Difícil definir a área de atuação do jovem advogado Thiago Chaves de Mello. Especializado em direito autoral e empresarial, marcas e patentes, ele vem se destacando na assessoria jurídica a projetos culturais em geral. Em outras palavras, atua no desenvolvimento de projetos culturais e no levantamento de verbas para financiar sua realização. Recém-nomeado gestor de projetos da Fundação Dom João VI, Thiago representa a esperança de reabilitar o rico acervo do Pró-Memória, uma grande preocupação de todos que amam a história de Nova Friburgo. 

Nesta entrevista, ele analisa o movimento cultural da cidade, que considera riquíssimo, e fala sobre as maneiras de viabilizar as produções locais.    

 

A VOZ DA SERRA – Para começar, fale sobre sua militância profissional em Nova Friburgo. 

Thiago Mello - Trabalho no sentido de tirar a cultura e o capital intelectual da cidade deste plano secundário de realização econômica e existencial em que se encontra. Meu objetivo é trazer os ativos intelectuais de que dispomos — e que são muitos — para o centro da agenda de desenvolvimento econômico e social. É preciso destacar que só eles conseguirão nos dar a habilidade de transformação e recuperação tanto urbana como social e econômica que necessitamos. 


E como você vê nossa cidade neste momento? 

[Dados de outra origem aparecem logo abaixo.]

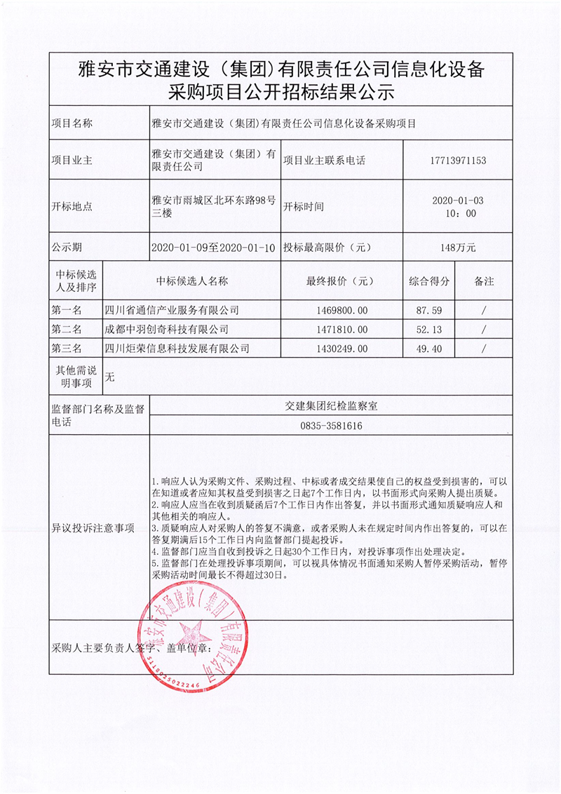 雅安市交通建设(集团)有限责任公司信息化设备采购项目公开招标结果公示
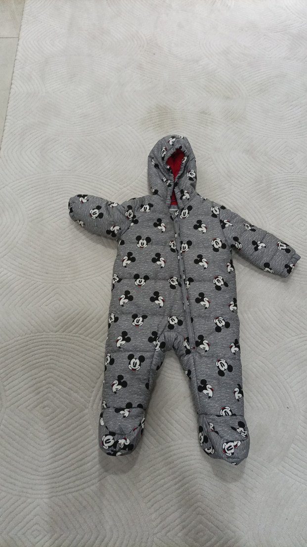 Kapüşonlu, örgü gri bebek tulumu, desenli baskıya sahip, bebeğinizi sıcak tutar. ❄️
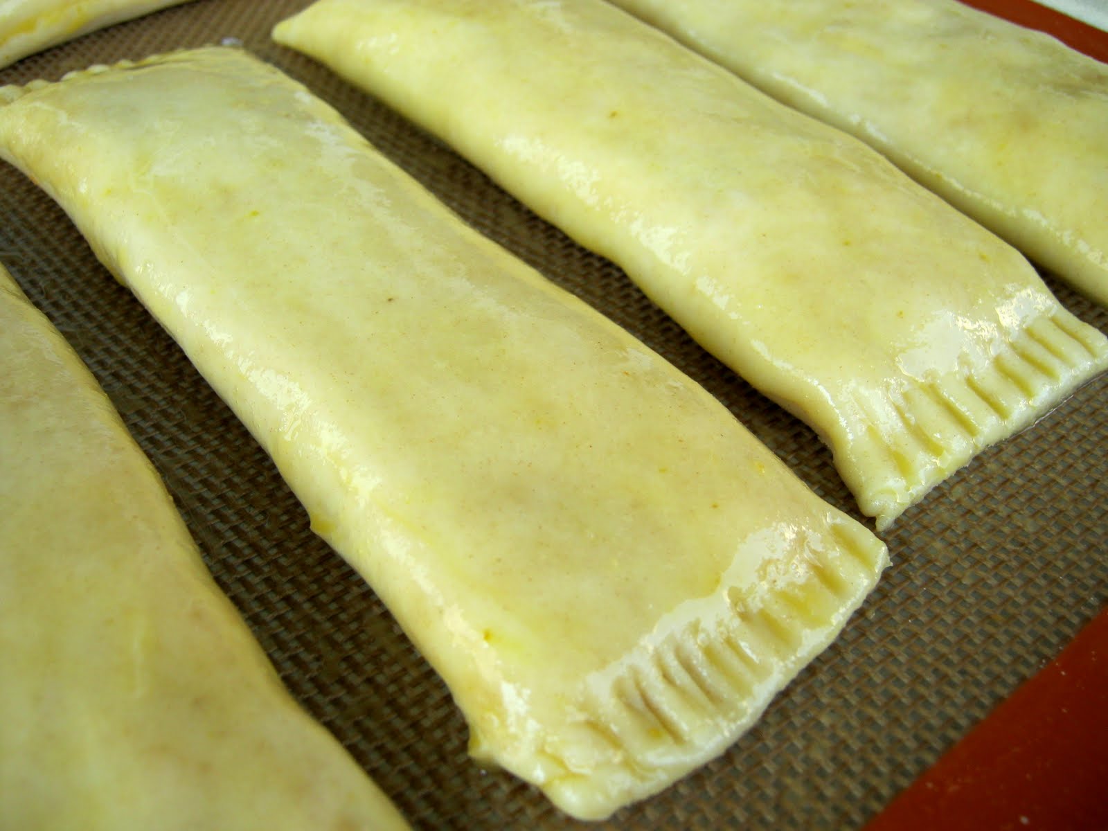 - Χτυπάτε το ασπράδι αυγού και με ένα πινέλο βουρτσίζετε περιμετρικά τη ζύμη εσωτερικά. Πασπαλίζετε την άκρη της μεγαλύτερης πλευράς της ζύμης με 1 κ.σ. γέμιση τυριού και διπλώστε. Προσθέστε άλλη 1½-2 κ.σ. μείγμα τυριών, βουρτσίστε με λίγο ασπράδι αυγού, “σφραγίστε” και διπλώστε έτσι ώστε η ραφή είναι στο κάτω μέρος. Με ένα πιρούνι, πιέστε τις 2 πλευρές και κόψτε τη ζύμη που προεξέχει με ένα μαχαίρι για καλύτερο οπτικό αποτέλεσμα.
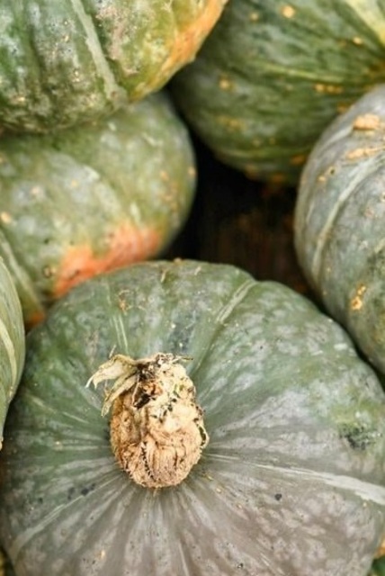 This heirloom variety does not contain any orange, except on the inside! This green pumpkin has dark green skin & light green ribs. However, when you crack open the pumpkin, the inside of the Kabocha is bright orange and contains numerous seeds.

Friburgo já é uma cidade com economia criativa. A prova é que 6% de seu PIB vem da moda íntima. Se o município capitaliza e transforma este ativo em ganho é outra história, mas não há dúvidas de que ele já se posicionou e está se reinventando neste sentido. Já virou a mesa, temos outro cenário. Temos iniciativas empreendedoras muito interessantes, centros de pesquisa de gabarito, universidades formando, enfim, temos toda uma energia transbordando por todos os lados. Isso sem falar nas manifestações culturais tradicionais aqui existentes, como as nossas bandas centenárias, as nossas colônias, os nossos grupos de teatro, os nossos artistas plásticos e tantas outras formas de expressão. Desde a década de 90, a cultura vem sendo entendida como um setor produtivo de grande importância aqui na cidade e isso é muito bom. Com outra vantagem: culturalmente, nós ainda preservamos um vínculo com países que colonizaram o município, como a Alemanha e a Suíça. Isso é bom. 


O que falta, então?

Orientação de mercado. Precisamos de uma estratégia comercial. Poderíamos até falar em inteligência comercial e na prospecção de nichos de mercado fora daqui. 


Como assim?

Vou dar um exemplo. Curiosamente, nós temos 2.000 metros quadrados de estúdios de TV equipados em Nova Friburgo. É uma loucura, mas todos são subcapitalizados. Quando eu converso sobre isso com interlocutores do Rio de Janeiro eles piram, não conseguem entender. A gente tem um passivo mobiliado na cidade que são outros 10.000 metros quadrados de estúdios na cidade. Hoje, um estúdio no Rio, sem iluminação, sem cenário, sem nada, custa R$ 1.800 reais a diária. Se você considerar equipe técnica, locação de equipamentos, os custos de produção, enfim, Friburgo teria condições de competir, "mole mole”, no preço. Friburgo é muito próxima do Rio. Se o cliente pagar R$ 500 reais aqui, os estúdios locam de ponta a ponta, pois as produções virão para cá. Além disso, temos uma mão de obra ociosa que tem de ir embora. Os nossos jornalistas, os nossos profissionais de marketing e os nossos técnicos não são absorvidos pelo mercado local, que não sabe utilizar seus espaços e equipamentos. É uma questão da orientação de mercado. 


Qual seria a solução?

A união dos espaços de consenso. Esta engenharia, a chamada engenharia social, é a coisa mais difícil de se obter em Friburgo. Quem trabalha muito com isso é o Sebrae. A moda íntima, aos poucos, vem conseguindo se unir, com as confecções correndo atrás, juntas, pois entenderam que assim todas ganham. Isso, porém, não aconteceu ainda com a cultura. Quando conseguirem se unir e pactuar, buscando um agente de mercado, todas ganharão. 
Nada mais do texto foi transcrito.